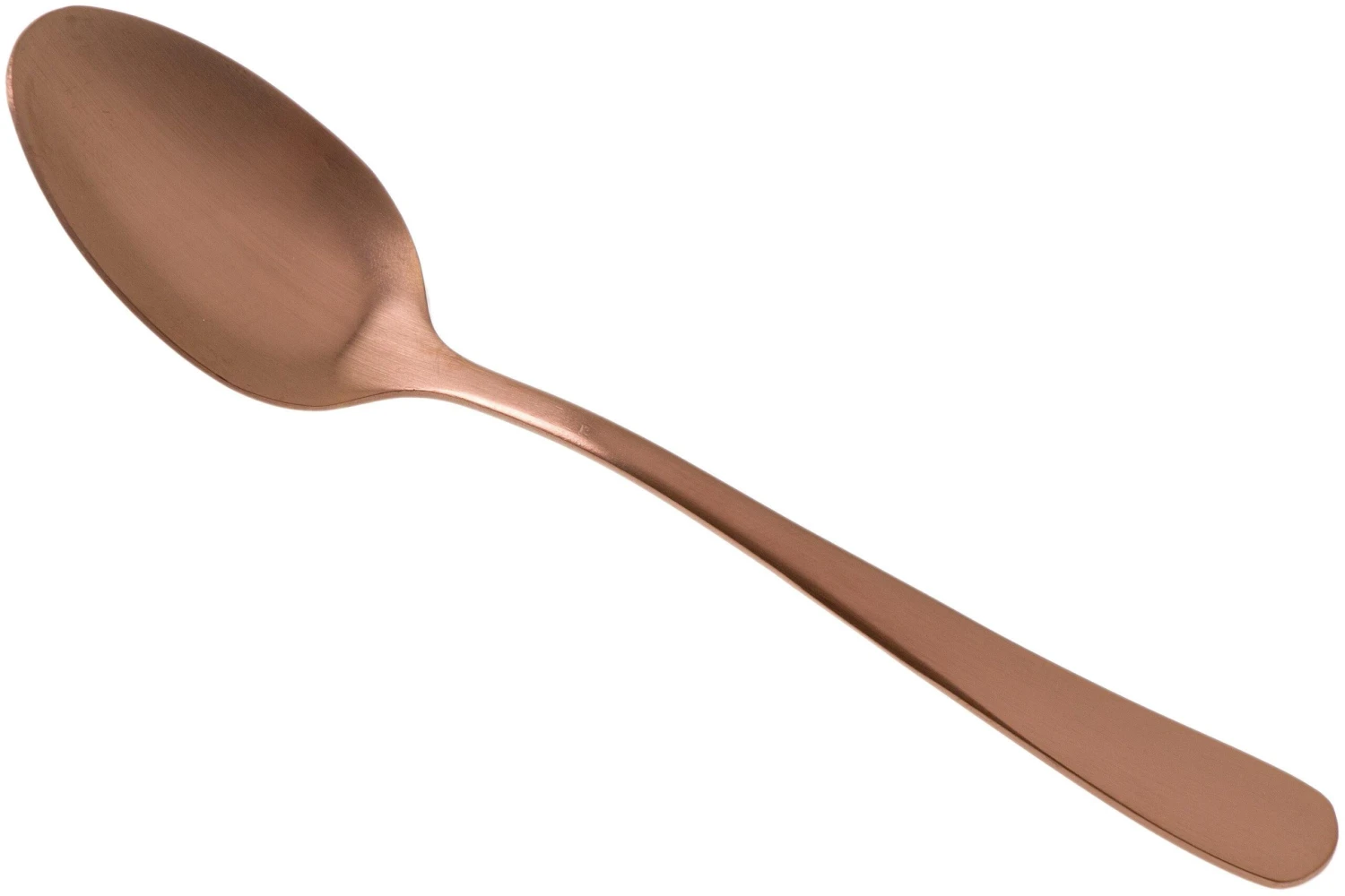 Estas impresionantes cucharas Austin 1410 tienen un aspecto lujoso gracias al color cobre. Están fabricadas en acero inoxidable 18/0 y mejoradas con un fino revestimiento de PVD de titanio. La longitud de las cucharitas es de 12 cm.
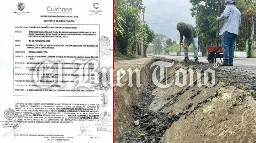 Bajo el número de obra 2023300520001 denominada ”Rehabilitación de Techo Firme en las localidades de Barrio de Guadalupe y Dos”, Cuichapa le dio el contrato a Serafín Gonzáles Saavedra quien durante sus funciones como alcalde de Coscomatepec se vio envuelto en diversas irregularidades.
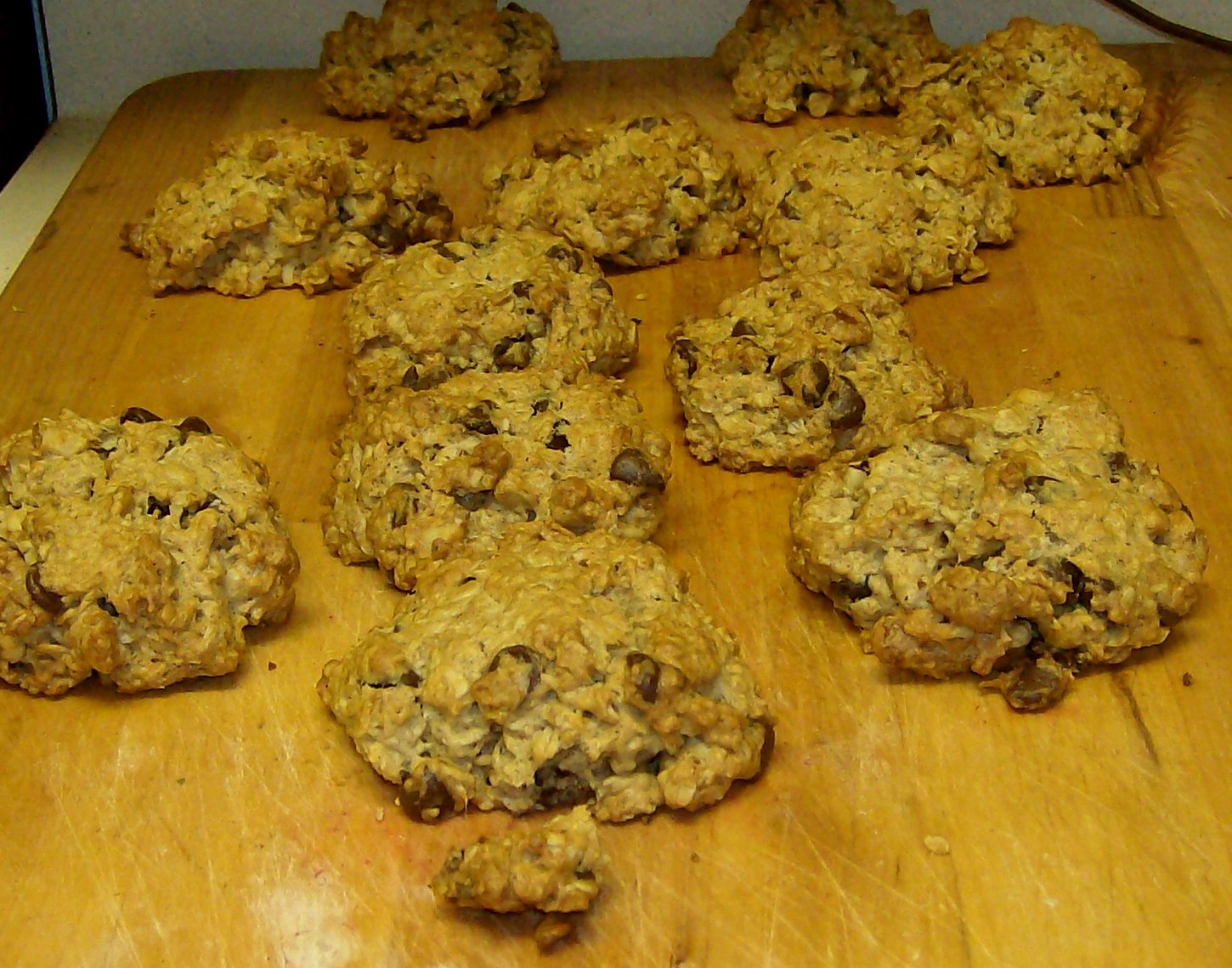 I am the baking inept. Me and “recipes” don’t get along on most days.For this I followed the classic oatmeal recipe in The Joy of Cooking, subbing walnuts and chocolate chips for raisins. (Yeah, this is Dave. Yeah, I’m to effin’ lazy to copy, relogin, and post. Deal.)
^^^^^^^^^^^^^^^^
Aim of the exercise -> Omit any images, then output the listing exactly.

Response area ->
 Estas impresionantes cucharas Austin 1410 tienen un aspecto lujoso gracias al color cobre. Están fabricadas en acero inoxidable 18/0 y mejoradas con un fino revestimiento de PVD de titanio. La longitud de las cucharitas es de 12 cm.
 Bajo el número de obra 2023300520001 denominada ”Rehabilitación de Techo Firme en las localidades de Barrio de Guadalupe y Dos”, Cuichapa le dio el contrato a Serafín Gonzáles Saavedra quien durante sus funciones como alcalde de Coscomatepec se vio envuelto en diversas irregularidades.
 I am the baking inept. Me and “recipes” don’t get along on most days.For this I followed the classic oatmeal recipe in The Joy of Cooking, subbing walnuts and chocolate chips for raisins. (Yeah, this is Dave. Yeah, I’m to effin’ lazy to copy, relogin, and post. Deal.)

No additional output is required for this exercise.